COLLECTED DATA:
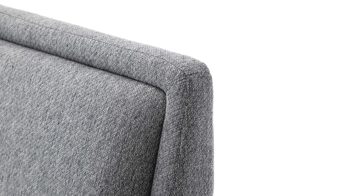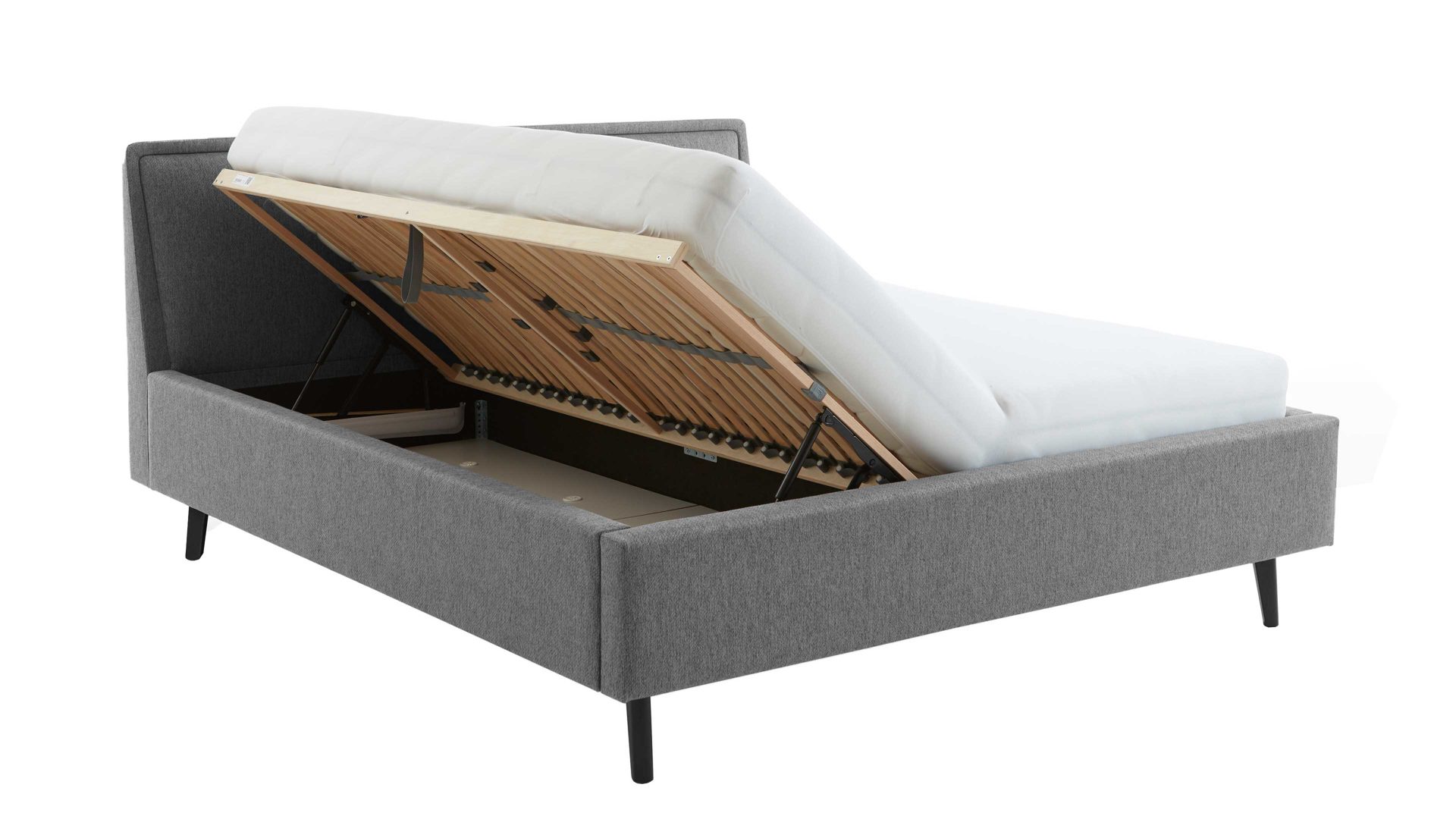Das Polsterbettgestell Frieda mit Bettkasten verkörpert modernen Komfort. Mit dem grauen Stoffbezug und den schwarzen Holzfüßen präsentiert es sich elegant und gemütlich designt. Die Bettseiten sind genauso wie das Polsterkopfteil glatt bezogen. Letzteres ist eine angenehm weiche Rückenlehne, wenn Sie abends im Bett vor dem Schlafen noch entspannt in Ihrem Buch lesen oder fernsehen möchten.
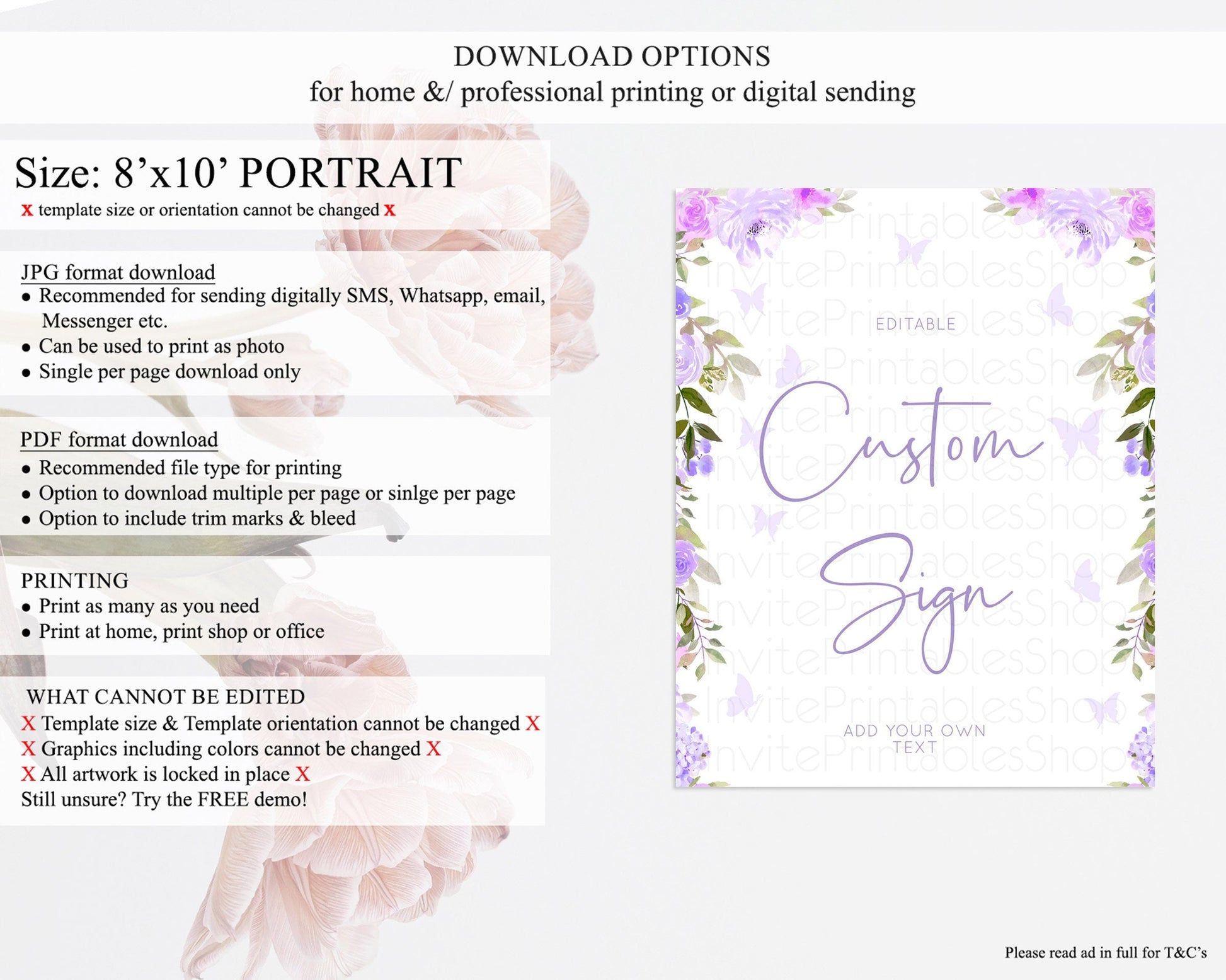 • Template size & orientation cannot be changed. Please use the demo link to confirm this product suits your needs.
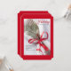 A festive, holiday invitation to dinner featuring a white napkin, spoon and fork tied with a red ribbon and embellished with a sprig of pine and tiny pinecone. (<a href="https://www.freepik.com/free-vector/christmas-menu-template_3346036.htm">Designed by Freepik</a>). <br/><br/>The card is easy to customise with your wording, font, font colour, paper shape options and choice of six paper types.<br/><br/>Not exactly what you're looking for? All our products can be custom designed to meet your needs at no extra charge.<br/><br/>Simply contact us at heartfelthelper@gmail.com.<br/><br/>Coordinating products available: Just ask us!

GOAL OF THE EXERCISE:
Return the listing verbatim, pictures excluded.

SOLUTION:
Das Polsterbettgestell Frieda mit Bettkasten verkörpert modernen Komfort. Mit dem grauen Stoffbezug und den schwarzen Holzfüßen präsentiert es sich elegant und gemütlich designt. Die Bettseiten sind genauso wie das Polsterkopfteil glatt bezogen. Letzteres ist eine angenehm weiche Rückenlehne, wenn Sie abends im Bett vor dem Schlafen noch entspannt in Ihrem Buch lesen oder fernsehen möchten.
 • Template size & orientation cannot be changed. Please use the demo link to confirm this product suits your needs.
 A festive, holiday invitation to dinner featuring a white napkin, spoon and fork tied with a red ribbon and embellished with a sprig of pine and tiny pinecone. (<a href="https://www.freepik.com/free-vector/christmas-menu-template_3346036.htm">Designed by Freepik</a>). <br/><br/>The card is easy to customise with your wording, font, font colour, paper shape options and choice of six paper types.<br/><br/>Not exactly what you're looking for? All our products can be custom designed to meet your needs at no extra charge.<br/><br/>Simply contact us at heartfelthelper@gmail.com.<br/><br/>Coordinating products available: Just ask us!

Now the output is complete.